I was really pleasantly surprised. It’s a solid series with a diverse cast that is very much driven by its characters.
The biggest praise I can give it is how “mature” the older characters behave. (I was going to say “adult” but that has too many other connotations when it comes to fantasy.) Characters have relationship struggles that aren’t entirely predicated on the Hilarious Misunderstanding (or its cousin, Refusing to Listen and Automatically Jumping to the Worst Conclusion). People face their assumptions and sometimes change. Old grudges get reconsidered and adolescent squabbles don’t necessarily become adult feuds. Difference of opinion is not a sign of evil intent. It’s wonderfully refreshing and there wouldn’t be space for it in a more epic story without a massive increase in the page count.
Another thing to love about the characterization is age related. All too often in fantasy teenagers are indistinguishable from adults, and adults rarely act their age. This is endemic to fictional media as a whole. It frequently feels like 99% of interpersonal conflict in any given show or movie stems from a supposedly adult character throwing a tantrum. Considering the mailings I get from my Republican State House representative it seems like there are plenty of adults who do act that way, but it doesn’t reflect what is normally considered mature behavior nor my lived experience.* Even if it is atypical adult behavior, it’s nice to see patterns of interaction that more closely resemble my lived experience. This goes both ways: Canavan’s adults feel like real grownups but her younger characters also behave more like “real” young people.

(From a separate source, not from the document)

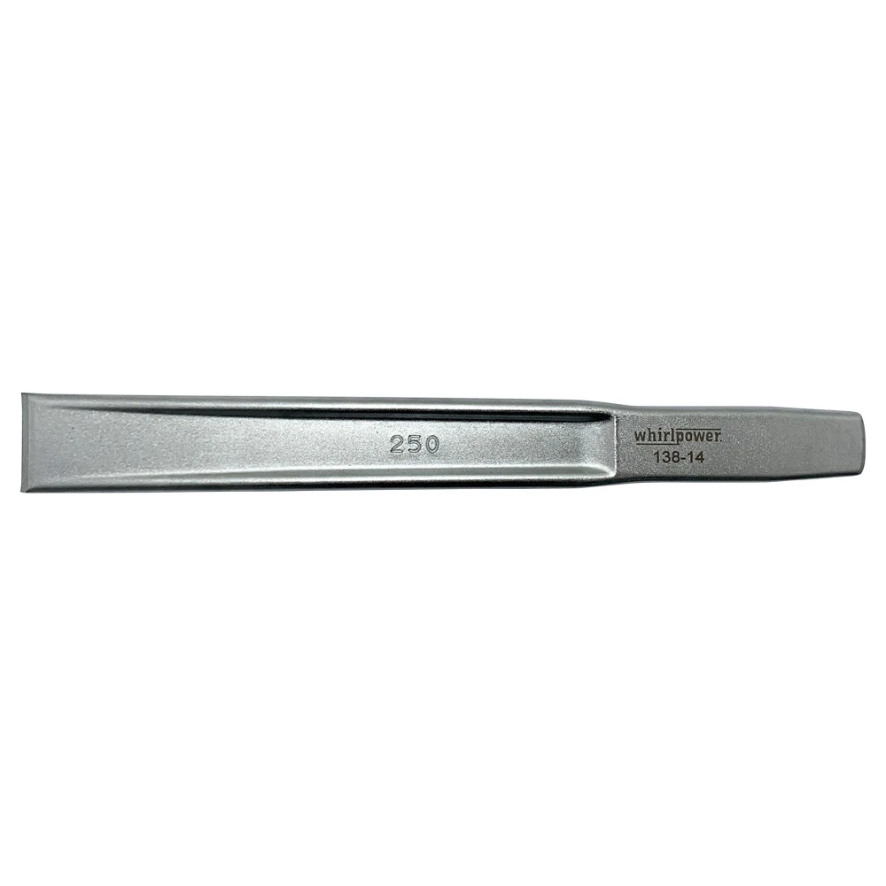 Whirlpower 138-14-250- плоске слюсарне зубило, що призначається для побутового та професійного використання при обробці металу. Наконечник зубила має ширину 29 мм, на інструмент додатково нанесені ребра жорсткості, що значно посилює конструкцію.

*I’m willing to accept that my experience may be atypical. Other expats banned me from answering questions about American culture while I was in Japan because my perception of U.S. culture is apparently nonstandard.

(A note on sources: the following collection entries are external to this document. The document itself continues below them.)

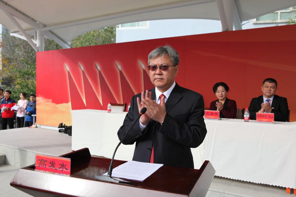 看着整装昂扬的27个方队,迎着猎猎鲜艳的红旗,校党委书记高发水发表了激情洋溢的开幕致辞。
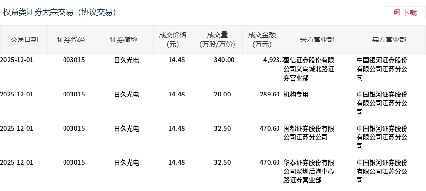 12月1日,日久光电大宗交易成交425万股,成交额6154万元,占当日总成交额的31.43%,成交价14.48元,较市场收盘价16.35元折价11.44%。
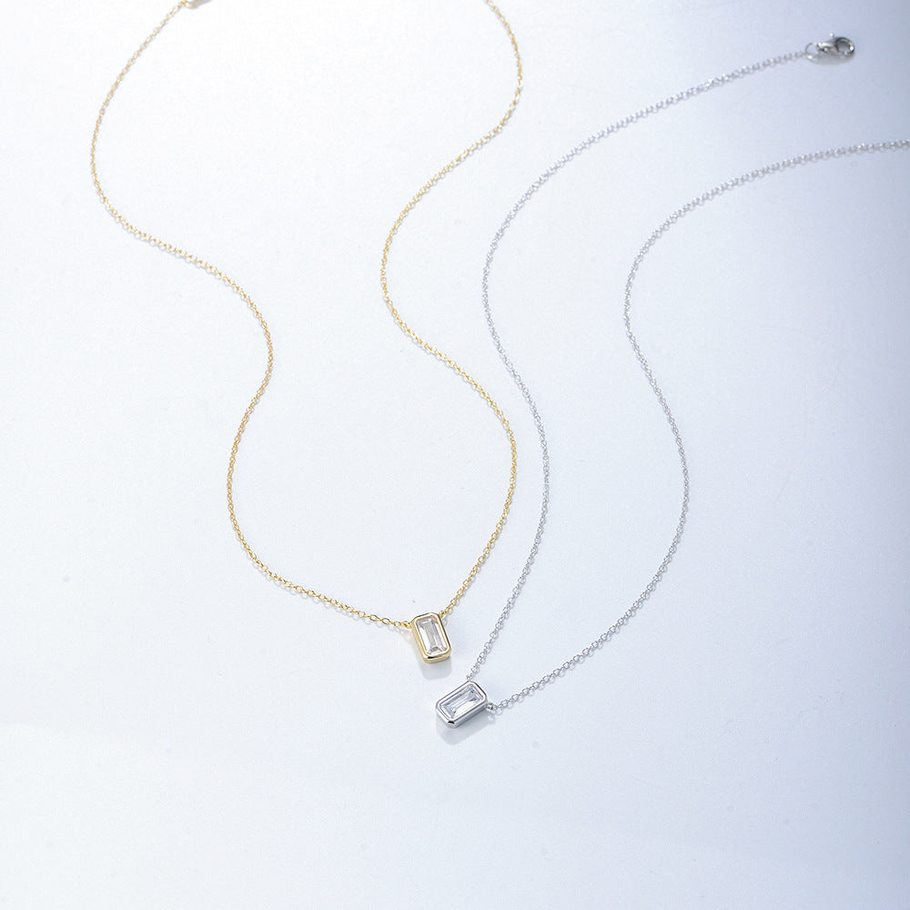 Emerald Shape Zircon Pendant Silver Necklace for Women

I really can’t stop heaping praise on Canavan’s characterization, and I feel like a big part of my enjoyment was due to reading this trilogy first. It’s not that the earlier books are bad, but Canavan’s writing is vastly improved in the Traitor spy trilogy and because all of the events of the first trilogy are long past there’s a sense that these people existed before the book started and had a full complement of life experiences. It also helps to make the parental characters more well rounded.

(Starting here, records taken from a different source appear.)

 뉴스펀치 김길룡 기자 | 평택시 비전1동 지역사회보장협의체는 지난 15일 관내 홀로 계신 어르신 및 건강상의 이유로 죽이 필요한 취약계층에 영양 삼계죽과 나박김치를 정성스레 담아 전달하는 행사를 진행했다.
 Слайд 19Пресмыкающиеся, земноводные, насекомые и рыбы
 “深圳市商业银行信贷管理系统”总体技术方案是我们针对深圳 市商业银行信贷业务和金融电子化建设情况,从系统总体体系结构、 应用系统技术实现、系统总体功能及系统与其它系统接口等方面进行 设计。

I continue to praise the characters. I like that many of the characters have adult children but the portrayal is balanced so that neither parent nor child feels like an afterthought or a plot device to motivate the other. I like that there are LGBT characters and that they do face discrimination but that’s not all they’re there for. I like that characters in relationships make mistakes and the principals involve actually listen to each other when these things come up. I like that not everybody has the same ethnic or cultural background and that these differences are not just superficial (“these people wear red, but these other people are so different they wear blue!”) but at the same time there’s not a sense of ethnic and/or cultural determinism. (“Abcders love shoes and think that all V should N but Zyxers love sandals and think that only E should N”)
So it’s a good series and very readable.
Recommendation
It’s good for fans of the high fantasy series (Robert Jordan, Rothfuss, etc.) but its appeal outside of that is probably limited. It’s not exactly an action packed series so readers looking for something like Brent Weeks or David Dalgish will probably be disappointed. It’s also good train for people looking for fantasy novels that aren’t “young straight white man saves the world”. There are major characters who fit that mold, but the series does a good job of giving other characters equal time in the spotlight. There are characters who aren’t white, who aren’t young, who aren’t straight, and who aren’t men. Some characters aren’t two or more of the same thing, even! I realize that “not every heroic character is a SAWCASM” is a pretty low bar, but so few books seem to manage that that it’s worth mentioning the books that do.